O autor afirma que não seria o mesmo se não houvesse frequentado cadeias por mais de 23 anos. Foi importante para ele, pois aprendeu mais medicina, presenciou demonstrações de solidariedade, viu a que níveis pode chegar o sofrimento, a restrição de espaço, a dor física, a perversidade, a falta de caráter, a violência contra o mais fraco e o desprezo pela vida dos outros. Trabalhando num ambiente dominado pelos piores instintos humanos, em contato direto com a violência, salários insuficientes para sustentar a família, sem qualquer treinamento, e, condições de trabalho quase medievais e a vida em risco permanente, cada um procurou agir da forma que lhe pareceu mais sensata.
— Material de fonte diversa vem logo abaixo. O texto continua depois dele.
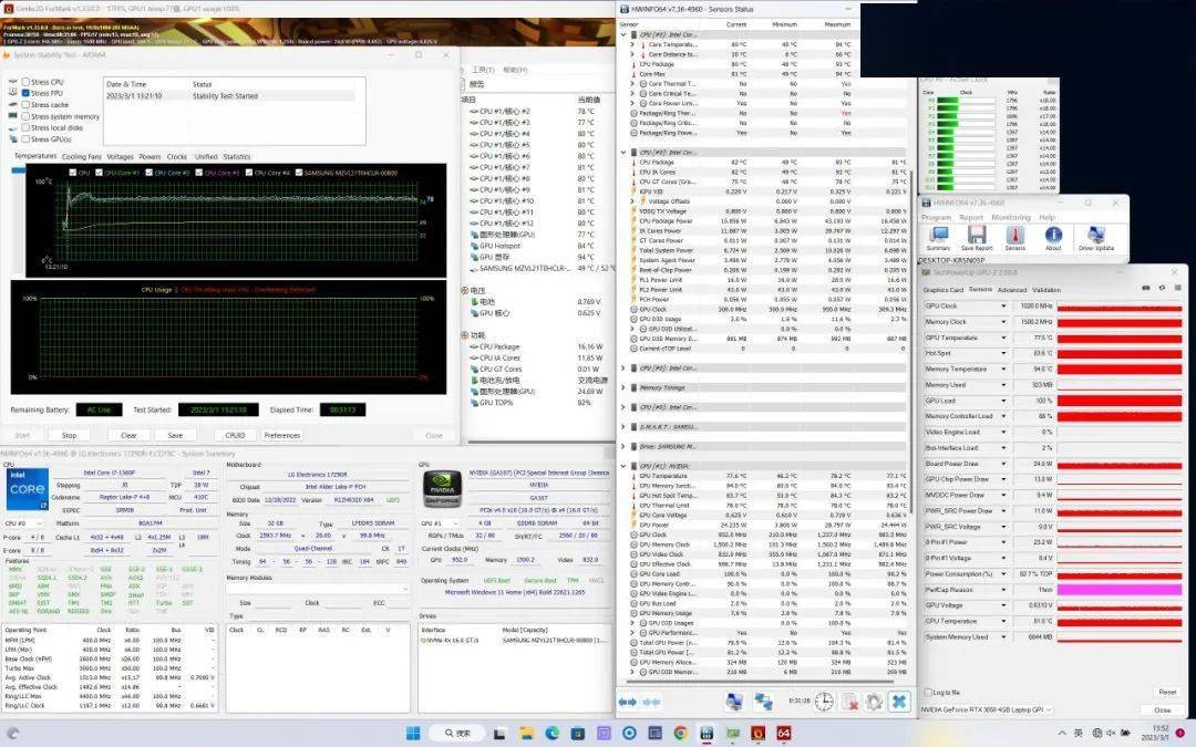 笔吧评测室作为老牌评测媒体,一直都是IT之家编辑们学习笔记本相关知识的必读公众号。十多年前浪歌就在贴吧追猪王的测评了。进入新媒体时代,猪王对笔记本的评测依然不失幽默和客观,他家的B站视频也是整活乐子层出不穷,在此向大家强烈推荐! LG旗下的gram系列笔记本我们每年都会推荐,因为它拥有大屏幕、超轻机身、长续航,是笔电领域独一档的存在,几乎没有竞品。 Acer的传奇edge产生过威胁,但那台电脑续航不咋地。 到了2023年,LG gram开始提升性能了,它采用了13代酷睿P28系列处理器,并增加了功耗。 更重要的是,它搭载了RTX3050独立显卡,正式从“大屏轻薄本”转型为“大屏全能本”,且重量依旧比竞品轻很多。 那么这台电脑实测表现如何? 今天我们就来简单分析一下: LG gram 17 独显版 左滑看接口 机身左侧 机身右侧 它的配置如下: i7-1360P 处理器 RTX3050 4GB 独立显卡(40W) 32GB LPDDR5 6000MHz 内存 1TB 固态硬盘 17英寸 2560x1600分辨率 100%DCI-P3色域 144Hz刷新率 IPS屏 电池容量 90Wh 厚 16.1~17.5mm 机身重 1.43kg 适配器重 284g 它的优缺点如下: 优点! 1,续航表现较好,搭载90Wh大电池 2, 在同配置笔记本里,重量较轻 3,内存硬盘容量较大 缺点! 1,高负载下散热表现一般 2, 价格较贵 3, 机身缺少金属质感 【升级建议】 这台笔记本电脑拆机并不难,但所有螺丝都藏在脚垫和小圆片下面,需要全部取下才能卸下螺丝,之后撬开卡扣,即可取下后盖。 双通道32GB LPDDR5 6000MHz内存能满足大部分用途的需求,内存为板载无法更换。 测试机的固态硬盘容量为1TB,型号为三星PM9A1,支持PCIe4.0×4和NVMe。 需要注意的是,LG自行拆机可能会失去售后,所以如果你想升级固态硬盘,建议先咨询官方售后中心。 【购买建议】 1,对续航要求较高 2,想要屏幕够大的便携笔电 3,拥有五陵豪气的消费气质 LG gram 17 独显版最大的特点是配置变化,曾经一直是核显笔记本电脑,如今增加了独显,对其重量、续航都是考验。 屏幕方面,实测 色域容积102.4%DCI-P3,色域覆盖96.6%DCI-P3,在DisplayP3模式下,平均ΔE 2.56,最大ΔE 4.89,实测最大亮度490nit。 【注】由于校色仪无法正确读出校色文件,实际色准还会更好一些。 接口方面,机身左侧为HDMI2.0、双雷电4、3.5mm音频接口; 机身右侧为防盗锁口、双USB-A 10Gbps接口,以及Micro SD卡槽。 续航方面,它的PCmark10续航测试成绩为16小时5分钟,中高负载续航脚本的测试时长为6小时40分。 噪音方面,当环境噪音为33.2dB时,它的满载人位分贝值为42.3dB。 所以如果你想要一台性能表现更均衡的笔记本,且预算很高,那么这款LG gram 17 独显版比较适合你。 但如果你不需要什么独显,自身专注于日常办公+便携,那么我还是更推荐经典的核显版。 【散热分析】 上图是LG Gram 17 独显版的拆机实拍图,双风扇双热管的组合。 室温25℃ 反射率1.0 BIOS版本:R1ZH0320 X64 在满载状态下,开启冷却模式,CPU温度最高93℃,稳定在82℃,功耗15W,P核频率维持在1.7~1.8GHz,E核频率1.4GHz; 显卡撞到了温度墙,温度维持在77.6℃,功耗24W,频率1020MHz。 如果单烤Stress FPU,CPU温度稳定在87℃,功耗28W,P核频率2.8GHz,E核频率2.2GHz; 如果单烤Furmark,显卡温度维持在77.5℃,功耗33W,频率1372MHz。 左滑看背面温度 烤机背面温度 表面温度如上图所示,键盘键帽最高 44.9℃出现在功能键F6键周围区域,WASD键为40.8℃,方向键28.8℃。左腕托温度为29.2℃,背面中心点32.9℃。 总的来说,LG gram 17 独显版的散热表现一般,虽然整机功耗提升,但是在“独显全能本”领域仍然是保守的水平,且键盘温度偏高。 “核显轻薄本”与“独显全能本”的散热考量标准不同,我们对后者的要求要高于前者。 【猪王的良心结语】 根据我自己的喜好,其实我并不希望LG gram推出“独显版”,因为这让它变得不再纯粹了,且一万六卖3050独显会影响产品口碑,这么贵了大家会下意识地想要RTX40系显卡。 你很难给消费者解释“小封装”概念。 万幸的是,LG依旧有更新“核显版”,所以在我看来,多一个选择永远是好事儿,如果真有一些普通游戏需求,那可以考虑多100g换游戏性能,不需要的话买核显版就是。 不出意外的话,今年我会长期使用这款LG gram 17独显版作为我的日常办公笔记本,如果后期有更多的心得体会,那我也会总结分享给大家~

Chega-se à conclusão que o fato do Sistema Prisional Brasileiro ser ineficiente também se deve a omissão da sociedade. Não temos interesse em saber em que condições trabalham os carcereiros, se ganham o suficiente, se tem acompanhamento psicológico, como se dá seu treinamento. Apenas queremos que os criminosos saiam do nosso convívio. 
É sabido que ex-detentos carregam uma marca por toda sua vida e isso dificulta ainda mais sua reinserção no mercado de trabalho e na sociedade como cidadãos. Muitas pessoas ainda hoje afirmam que o massacre que aconteceu no Carandiru foi algo necessário e bom para a sociedade, afinal foi feita uma “limpeza”. Muitos dos policiais envolvidos na tragédia usam da Teoria das Técnicas de Neutralização ao negar a vitimização. Pois eles mataram bandidos, se fossem pessoas de bem não estariam na cadeia e não teriam sido mortas. Tiveram o que mereceram e a sociedade deveria ser grata por isso.
A nossa sociedade não precisa de justiceiros, precisa de meios eficazes para ressocializar condenados e prevenir crimes. Daí a extrema importância da Criminologia para informar a sociedade, explicar e prevenir o crime, assim como intervir no infrator para sua ressocialização.